Biensûr, il y a dans cette attitude du ressentiment envers le judéo-christianisme et l’occident, mais aussi une nouvelle religion. C’est indéniable. Les historiens des religions, et même les anthropologistes, doivent encore montrer comment cela a émergé. En effet, certains aspects de cette religion ont un rapport avec la violence que nous ne comprenons pas et c’est une raison suffisante pour s’inquiéter. Pour nous, ça n’a aucun sens d’être prêt à payer de sa vie pour le plaisir de voir les autres mourir. Nous ne savons pas si pareil phénomème appartient à la psychology ou pas. Nous sommes face à un échec total; nous ne pouvons pas en parler et nous ne pouvons pas documenter une telle situation parce que le terrorisme est quelque chose de nouveau empruntant les codes islamiques, mais n’appartient pas du tout au classicisme musulman. Aujourd’hui, le terrorisme est nouveau, même du point de vue de l’islam. C’est un effort moderne de contrer le plus puissant et le plus raffiné des outils du monde occidental: la technologie. Contrer la technologie d’une façon que nous ne comprenons pas et que le classicisme musulman ne comprend pas davantage.

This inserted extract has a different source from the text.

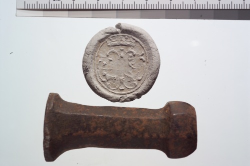 sigillo in bronzo con leone marciano e impugnatura con stemma trocato semipartito; nella parte superiore un'aquila sotto tre stelle.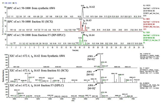 Base peak chromatogram (BPC) and extracted ion chromatogram (XIC) from LC–MS analysis of synthetic AW6 (top), fraction S1 from SCX (middle), and fraction F5 from RP–HPLC (bottom).

Ainsi, il n’est pas suffisant de simplement condamner les attaques. La pensée défensive que nous opposons au phénomène n’incarne pas forcément un désir de comprendre. Elle révèle souvent un désir de ne pas comprendre, ou l’intention de se conforter soi-même. Clausewitz est plus facile à intégrer dans le développement historique. Il nous donne des outils intellectuels pour comprendre l’escalade de la violence. Cependant, où trouvons nous de telles idées dans l’islam? Le ressentiment moderne ne conduit pas toujours au suicide. Ainsi, nous manquons des moyens de comparer qui pourraient nous permettre de comprendre. Je ne suis pas en train de dire que ce n’est pas possible, que cela n’arrivera pas, mais je reconnais que je suis incapable de les saisir. C’est pourquoi nos explications sur l’islam appartiennent souvent à ce type frauduleux de propagande anti-musulmane.